Once a new battery cartridge <NUM> is inserted and plugged into the electronics housing <NUM>, the electronics housing <NUM> can be mounted to the flow tube element <NUM>. In order to guide the electronics housing <NUM> in a well-defined manner regarding the rotational orientation in the xy-plane relative to the flow tube element <NUM>, the second anti-tampering element <NUM> defines in the shown embodiment two positive fit elements <NUM> engaging with two corresponding female positive fit element <NUM> of the battery cartridge <NUM>. The positive fit elements <NUM> of the second anti-tampering element <NUM> are formed as vertically extending webs that are supposed to protrude into the vertically extending slot-shaped form fit elements <NUM> at lateral sides of the battery cartridge <NUM>.

As can be seen in <FIG>, the second anti-tampering element <NUM> further comprises hooks <NUM> snapping under the second PCB <NUM> in order to protect the second part of the electronics on the second PCB from a lateral tampering attack. <FIG> also shows clearly the through-going electrical connection <NUM> provided in the battery cartridge <NUM>, so that the second PCB <NUM> and the sensors <NUM> are powered by the battery <NUM> via the first PCB <NUM> and the electrical connection <NUM>. <FIG> shows the individual components of the electronics housing <NUM>, the battery cartridge <NUM> and the mounting base <NUM>. The mounting base <NUM> is shown in <FIG> separated into a glass plate and a mounting frame.
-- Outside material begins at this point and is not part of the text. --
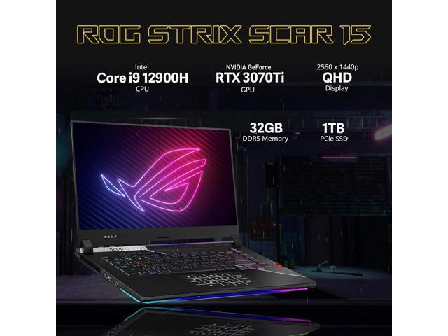 ASUS ROG Strix Scar 15.6" 240Hz QHD Gaming Laptop, 12th Gen Intel Core i9 12900H, 32GB DDR5, 1TB PCIe SSD, RGB Keyboard, NVIDIA GeForce RTX 3070 Ti, WIFI 6, Win 11 Pro, Black, 32GB Hotface USB Card
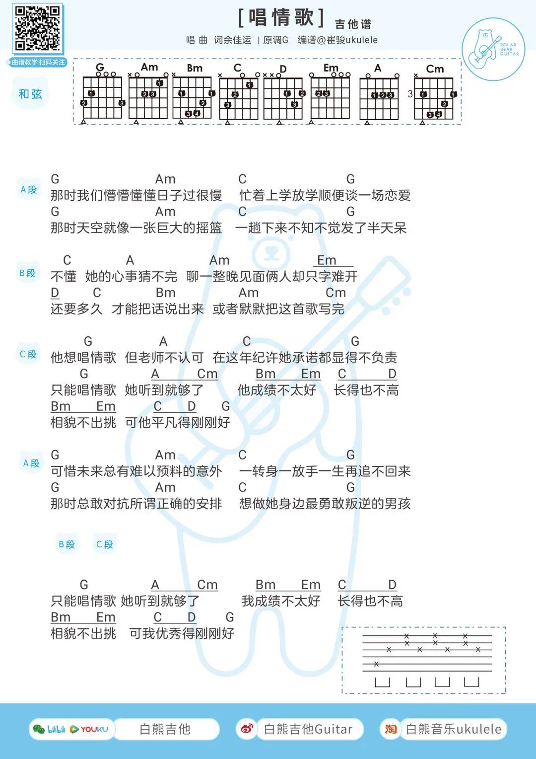 唱情歌吉他谱 - 余佳运 - G调吉他弹唱谱

There are eight electric contacts <NUM> in form of pins provided to go through the glass plate of the mounting base <NUM>, i.e. two pins <NUM>, one pin <NUM> for each of the ultrasonic transducers <NUM>. The second PCB <NUM> comprises corresponding contact points at its bottom side for being contacted by the pins <NUM>.

The electronics housing <NUM> is water-tightly sealed by O-rings <NUM> at the top side and the bottom mounting side <NUM>. The upper O-ring <NUM> is pressed by the closing lid <NUM> to an upper rim of the electronics housing <NUM>. The lower O-ring is pressed downward by the bottom mounting side <NUM> of the electronics housing <NUM> against the glass plate of the mounting base <NUM> when the electronics housing <NUM> is fastened by screws <NUM> to the mounting base <NUM>. Instead of these fixing screws <NUM> the electronics housing <NUM> could be threaded and fixed in a corresponding thread on the mounting base <NUM>.

<FIG> shows the electronics housing <NUM> alone without any component installed therein. As can be seen, an axial top end of each of the three inner positive fit elements <NUM> provides a support surface <NUM> facing upward away from the bottom mounting side <NUM>. The first anti-tampering element <NUM> rests on these support surfaces <NUM> as shown in <FIG>. During the assembling process, the first anti-tampering element <NUM> is thus inserted as the first component into the electronics housing <NUM> from the opened top side. The installation of the first PCB <NUM> and the closing of the top side by the closing lid <NUM> follows later in the assembling process.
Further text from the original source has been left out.